▶ [GIVEN INFORMATION]

-*-

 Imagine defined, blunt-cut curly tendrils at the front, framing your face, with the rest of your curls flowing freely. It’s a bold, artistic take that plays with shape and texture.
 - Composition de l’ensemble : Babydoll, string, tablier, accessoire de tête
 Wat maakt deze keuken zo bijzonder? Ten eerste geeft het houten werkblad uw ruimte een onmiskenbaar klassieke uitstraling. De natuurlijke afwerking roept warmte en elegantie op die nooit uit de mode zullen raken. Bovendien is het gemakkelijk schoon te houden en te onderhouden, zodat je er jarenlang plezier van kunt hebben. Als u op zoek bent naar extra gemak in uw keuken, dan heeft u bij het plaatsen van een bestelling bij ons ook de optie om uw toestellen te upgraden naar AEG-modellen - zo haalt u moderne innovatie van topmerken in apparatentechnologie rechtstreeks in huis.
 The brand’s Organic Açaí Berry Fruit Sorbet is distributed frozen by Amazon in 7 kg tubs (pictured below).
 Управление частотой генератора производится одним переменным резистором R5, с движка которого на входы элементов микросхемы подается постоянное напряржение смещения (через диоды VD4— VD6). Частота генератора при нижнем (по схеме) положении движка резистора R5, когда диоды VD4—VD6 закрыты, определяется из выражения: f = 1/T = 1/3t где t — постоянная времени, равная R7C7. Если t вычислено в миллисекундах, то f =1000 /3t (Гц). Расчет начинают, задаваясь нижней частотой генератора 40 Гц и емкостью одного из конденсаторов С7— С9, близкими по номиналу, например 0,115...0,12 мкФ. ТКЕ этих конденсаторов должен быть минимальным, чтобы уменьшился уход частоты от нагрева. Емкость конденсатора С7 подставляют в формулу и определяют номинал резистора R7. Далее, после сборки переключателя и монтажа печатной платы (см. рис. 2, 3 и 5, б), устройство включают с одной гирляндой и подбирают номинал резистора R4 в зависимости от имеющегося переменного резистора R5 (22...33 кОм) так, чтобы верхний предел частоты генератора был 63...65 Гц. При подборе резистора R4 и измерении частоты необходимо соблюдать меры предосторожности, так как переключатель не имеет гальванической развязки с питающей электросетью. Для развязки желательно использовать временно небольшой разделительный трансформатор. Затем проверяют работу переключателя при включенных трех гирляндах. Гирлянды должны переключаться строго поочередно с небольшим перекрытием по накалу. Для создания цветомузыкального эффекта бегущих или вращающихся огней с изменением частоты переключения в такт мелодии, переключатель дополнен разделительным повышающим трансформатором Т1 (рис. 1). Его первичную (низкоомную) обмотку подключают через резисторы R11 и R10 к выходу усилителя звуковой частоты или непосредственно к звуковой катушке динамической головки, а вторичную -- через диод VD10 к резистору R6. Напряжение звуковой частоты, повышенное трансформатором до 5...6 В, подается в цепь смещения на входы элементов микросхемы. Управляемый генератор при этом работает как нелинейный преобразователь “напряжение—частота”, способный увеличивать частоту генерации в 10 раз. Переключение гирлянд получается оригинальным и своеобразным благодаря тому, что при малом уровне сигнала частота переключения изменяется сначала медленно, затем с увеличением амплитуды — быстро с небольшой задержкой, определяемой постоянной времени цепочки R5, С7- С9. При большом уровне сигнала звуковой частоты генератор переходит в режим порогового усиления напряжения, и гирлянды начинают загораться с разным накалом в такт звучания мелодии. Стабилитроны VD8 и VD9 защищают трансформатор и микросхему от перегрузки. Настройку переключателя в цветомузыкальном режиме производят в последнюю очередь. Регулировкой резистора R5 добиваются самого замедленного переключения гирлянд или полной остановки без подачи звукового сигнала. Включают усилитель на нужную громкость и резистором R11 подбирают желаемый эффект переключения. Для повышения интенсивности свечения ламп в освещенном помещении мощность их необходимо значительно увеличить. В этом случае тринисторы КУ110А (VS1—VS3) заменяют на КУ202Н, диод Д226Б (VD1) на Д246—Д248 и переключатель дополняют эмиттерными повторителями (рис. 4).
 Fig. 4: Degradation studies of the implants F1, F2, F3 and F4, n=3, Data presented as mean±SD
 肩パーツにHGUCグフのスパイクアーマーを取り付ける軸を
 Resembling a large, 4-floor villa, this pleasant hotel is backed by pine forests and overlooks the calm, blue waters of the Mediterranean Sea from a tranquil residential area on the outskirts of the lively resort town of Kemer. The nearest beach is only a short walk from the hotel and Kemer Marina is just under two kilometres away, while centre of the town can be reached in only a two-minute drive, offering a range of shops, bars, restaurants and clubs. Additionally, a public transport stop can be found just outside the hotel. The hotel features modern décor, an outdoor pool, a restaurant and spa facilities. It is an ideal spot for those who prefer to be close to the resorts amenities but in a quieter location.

-*-

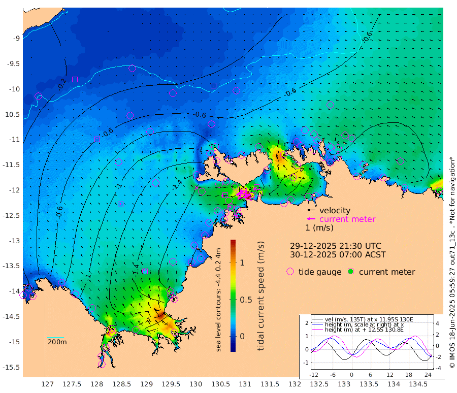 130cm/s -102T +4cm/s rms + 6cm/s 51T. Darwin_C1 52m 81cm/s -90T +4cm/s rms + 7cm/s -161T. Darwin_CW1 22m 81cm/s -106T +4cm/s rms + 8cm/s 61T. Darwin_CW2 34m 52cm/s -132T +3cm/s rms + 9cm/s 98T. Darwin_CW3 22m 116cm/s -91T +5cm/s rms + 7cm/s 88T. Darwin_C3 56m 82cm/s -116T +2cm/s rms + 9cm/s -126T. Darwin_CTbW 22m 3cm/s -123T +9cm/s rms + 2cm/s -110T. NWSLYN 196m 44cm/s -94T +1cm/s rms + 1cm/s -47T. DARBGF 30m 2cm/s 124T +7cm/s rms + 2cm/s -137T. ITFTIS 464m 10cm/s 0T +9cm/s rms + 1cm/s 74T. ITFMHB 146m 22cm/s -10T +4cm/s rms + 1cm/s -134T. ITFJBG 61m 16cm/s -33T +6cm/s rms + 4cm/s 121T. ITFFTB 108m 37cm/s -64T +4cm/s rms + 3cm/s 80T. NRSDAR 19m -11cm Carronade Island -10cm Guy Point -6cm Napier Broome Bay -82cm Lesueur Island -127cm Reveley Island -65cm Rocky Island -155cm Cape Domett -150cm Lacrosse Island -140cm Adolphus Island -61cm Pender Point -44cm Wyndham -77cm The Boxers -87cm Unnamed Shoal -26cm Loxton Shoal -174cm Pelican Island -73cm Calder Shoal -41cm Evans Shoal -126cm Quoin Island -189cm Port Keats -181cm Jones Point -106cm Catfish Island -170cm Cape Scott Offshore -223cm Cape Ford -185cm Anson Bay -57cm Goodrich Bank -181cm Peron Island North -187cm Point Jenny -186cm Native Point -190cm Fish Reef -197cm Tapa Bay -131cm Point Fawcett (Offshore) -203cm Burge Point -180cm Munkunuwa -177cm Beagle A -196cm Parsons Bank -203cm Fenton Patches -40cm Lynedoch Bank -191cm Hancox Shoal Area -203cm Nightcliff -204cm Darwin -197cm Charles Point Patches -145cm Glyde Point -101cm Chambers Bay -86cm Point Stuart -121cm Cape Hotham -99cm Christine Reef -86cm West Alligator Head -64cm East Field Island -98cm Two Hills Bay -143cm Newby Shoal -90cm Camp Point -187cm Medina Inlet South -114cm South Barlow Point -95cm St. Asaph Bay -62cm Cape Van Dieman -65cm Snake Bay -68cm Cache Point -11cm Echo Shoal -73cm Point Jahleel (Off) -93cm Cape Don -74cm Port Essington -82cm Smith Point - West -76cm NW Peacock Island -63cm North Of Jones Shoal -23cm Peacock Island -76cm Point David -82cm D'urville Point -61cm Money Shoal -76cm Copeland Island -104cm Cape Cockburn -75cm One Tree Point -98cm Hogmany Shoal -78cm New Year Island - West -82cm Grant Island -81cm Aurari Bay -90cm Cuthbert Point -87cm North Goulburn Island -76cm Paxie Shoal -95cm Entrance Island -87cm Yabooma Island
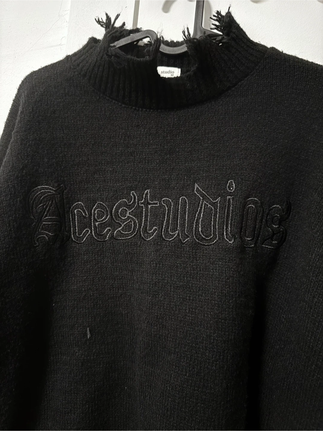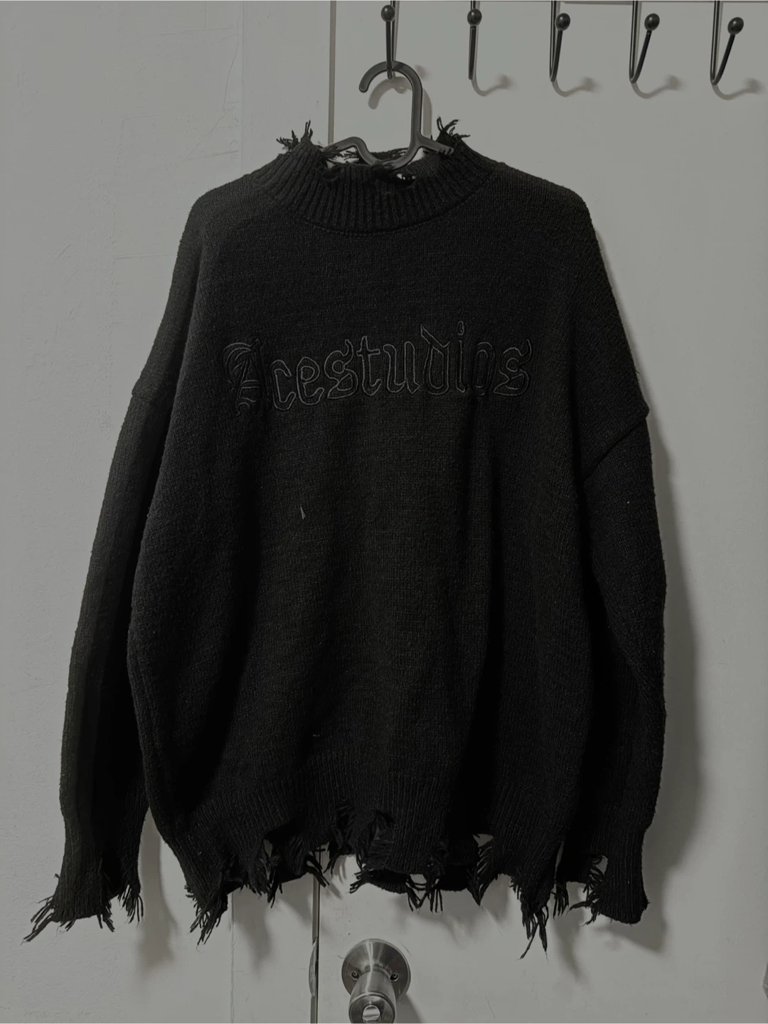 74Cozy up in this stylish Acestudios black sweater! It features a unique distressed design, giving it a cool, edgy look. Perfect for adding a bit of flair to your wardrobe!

-*-

▶ [EXERCISE INSTRUCTIONS]
Scan the lines above for "Fig. 4: Degradation" and for "肩パーツにHGUCグフのスパイクアーマーを取り付ける軸を". Repeat exactly the line holding each of them and every line in between.

▶ [RESPONSE TO THE EXERCISE]
 Fig. 4: Degradation studies of the implants F1, F2, F3 and F4, n=3, Data presented as mean±SD
 肩パーツにHGUCグフのスパイクアーマーを取り付ける軸を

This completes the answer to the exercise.